- _Action item_
Only the lines from the one with "MONSOON Womens Boat" to the end of the data below should be given again, exactly, with both ends included and pictures omitted.

- _Data block_
=== Section Start ===
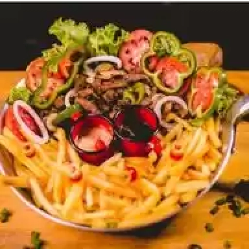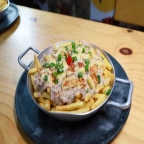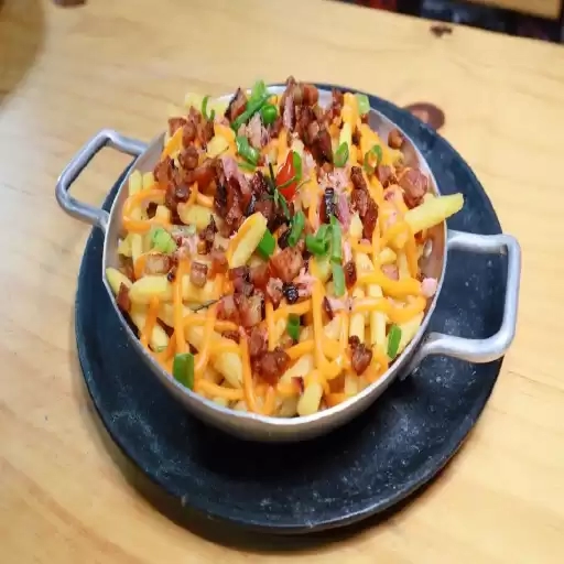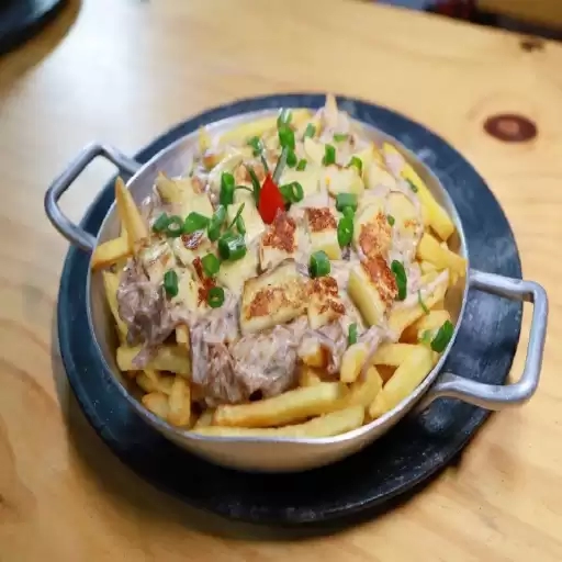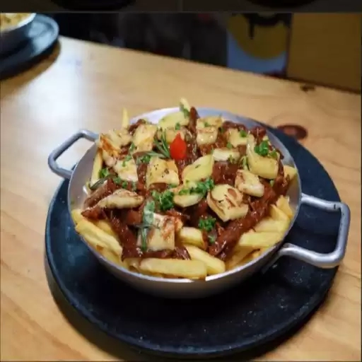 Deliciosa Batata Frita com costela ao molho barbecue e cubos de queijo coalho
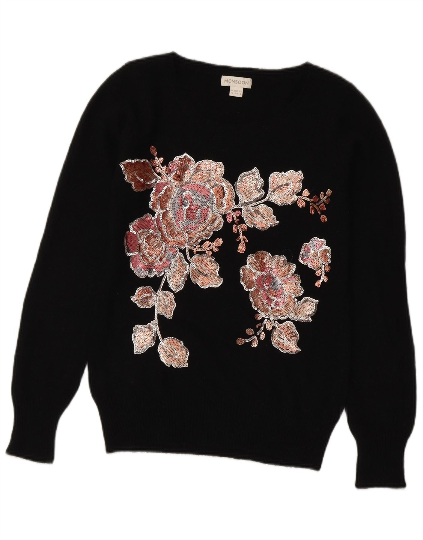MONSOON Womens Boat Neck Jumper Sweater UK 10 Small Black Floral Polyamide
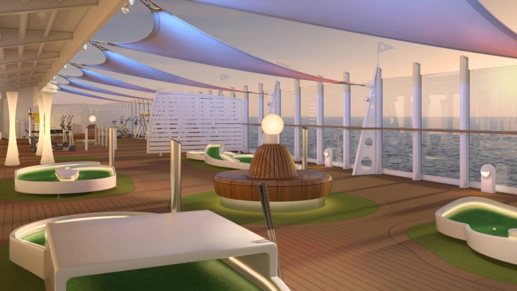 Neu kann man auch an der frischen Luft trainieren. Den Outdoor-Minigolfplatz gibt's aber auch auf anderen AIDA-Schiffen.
=== Section End ===
- _Response_
MONSOON Womens Boat Neck Jumper Sweater UK 10 Small Black Floral Polyamide
 Neu kann man auch an der frischen Luft trainieren. Den Outdoor-Minigolfplatz gibt's aber auch auf anderen AIDA-Schiffen.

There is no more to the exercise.